*PROVIDED MATERIAL*

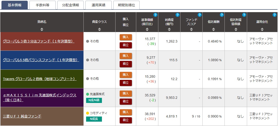 日付け | グローバル 3倍3分法 ファンド | グローバル 5.5倍バランス ファンド | Tracers グローバル 2倍株 | eMAXIS Slim 先進国株式 インデックス (除く日本) | 三菱UFJ 純金ファンド |
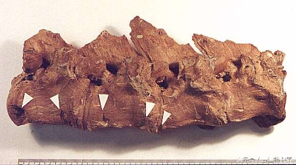 图注:编号为KUVP 1094的板踝龙脊椎骨化石,白色尖头指向白垩刺甲鲨的咬痕,图片来自网络
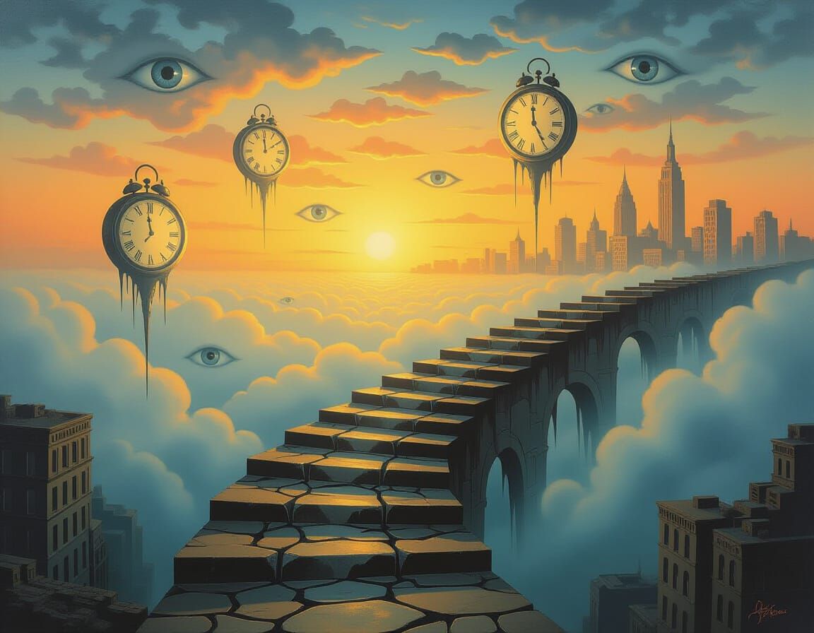 This image depicts a surreal dreamscape with melting clocks and disembodied eyes forming staircases. Fading sunset light casts distorted shadows over a blend of dreamlike and realistic city elements, rendered in a surrealist oil painting style.
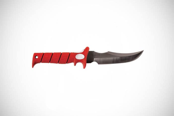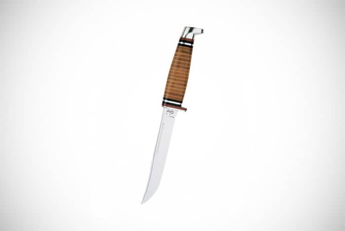 The blade itself is 10-inches in length and is made from a strong and thick stainless steel. You’re also treated to a handcrafted sheath which matches the quality of the knife itself. All in all, this is what we’d class as a premium hunting knife rather than one you’d want to actually use too much. Did we also mention that this knife is so cool that it’s been featured in numerous movies?
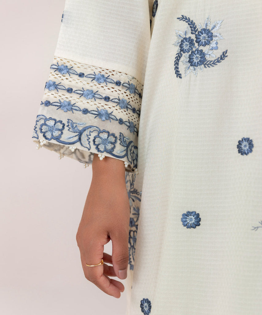 Curate the perfect festive fit this Eid with our off-white embroidered A-line shirt featuring a Y-neckline.
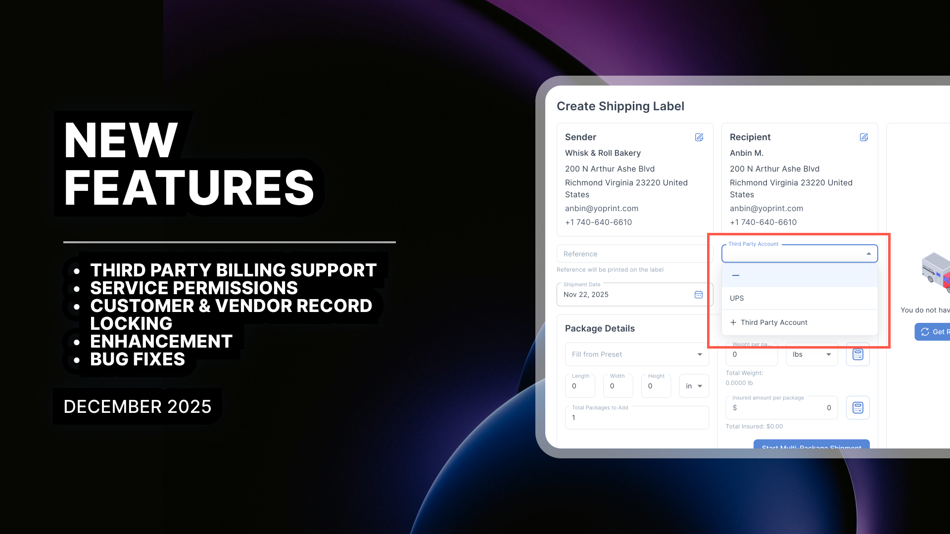Added support for UPS and FedEx third-party billing through Shippo. Customer shipping account information can now be saved and automatically applied when shipping to or on behalf of customers with their own carrier accounts.
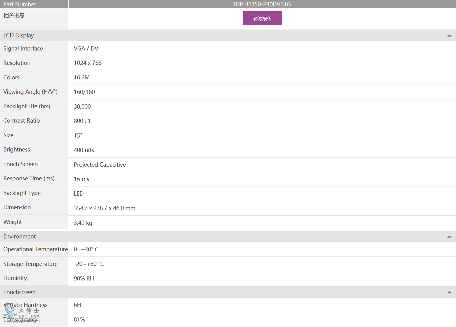 研華工控機 IDP-31150 專業級純平觸控 15"工業 ProFlat 觸控顯示器 |
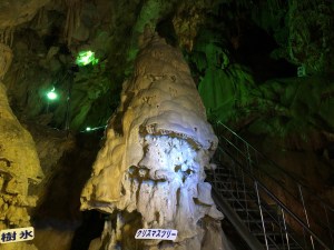 Many of the sculptures have been created by the corrosive effects of the underground water dripping down. Coins presumably interfere with such developments as there was a sign asking people not to throw money in in order to preserve the limestone of the cave which is registered as a natural monument.
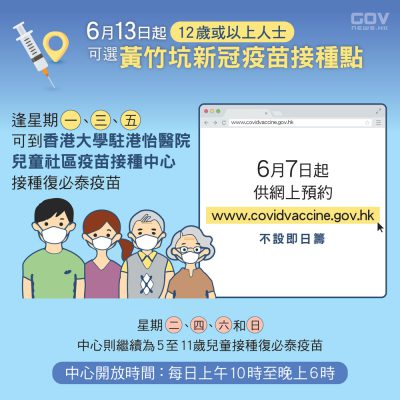 香港12岁或以上人士下周一可到黄竹坑疫苗接种点打复必泰 今起供预约
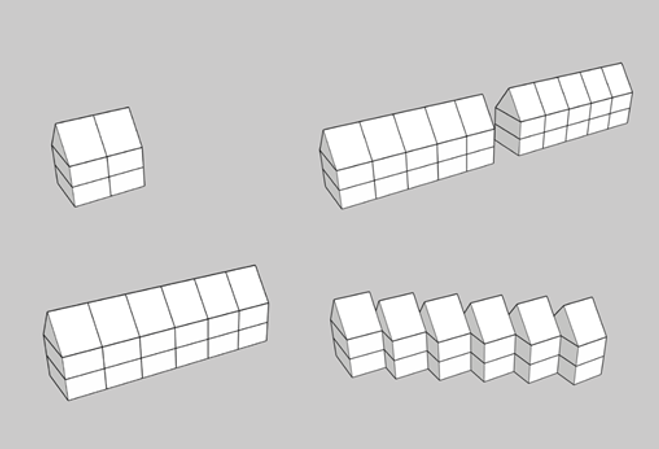 Voorbeelden van een blok (links) en twee aaneengebouwde blokken (rechts).

*TASK TO COMPLETE*
What you set down should be exactly the lines from the line containing "Added support for" to the last line of the entries above, both included, with no pictures.

*OUTPUT OF THE TASK*
Added support for UPS and FedEx third-party billing through Shippo. Customer shipping account information can now be saved and automatically applied when shipping to or on behalf of customers with their own carrier accounts.
 研華工控機 IDP-31150 專業級純平觸控 15"工業 ProFlat 觸控顯示器 |
 Many of the sculptures have been created by the corrosive effects of the underground water dripping down. Coins presumably interfere with such developments as there was a sign asking people not to throw money in in order to preserve the limestone of the cave which is registered as a natural monument.
 香港12岁或以上人士下周一可到黄竹坑疫苗接种点打复必泰 今起供预约
 Voorbeelden van een blok (links) en twee aaneengebouwde blokken (rechts).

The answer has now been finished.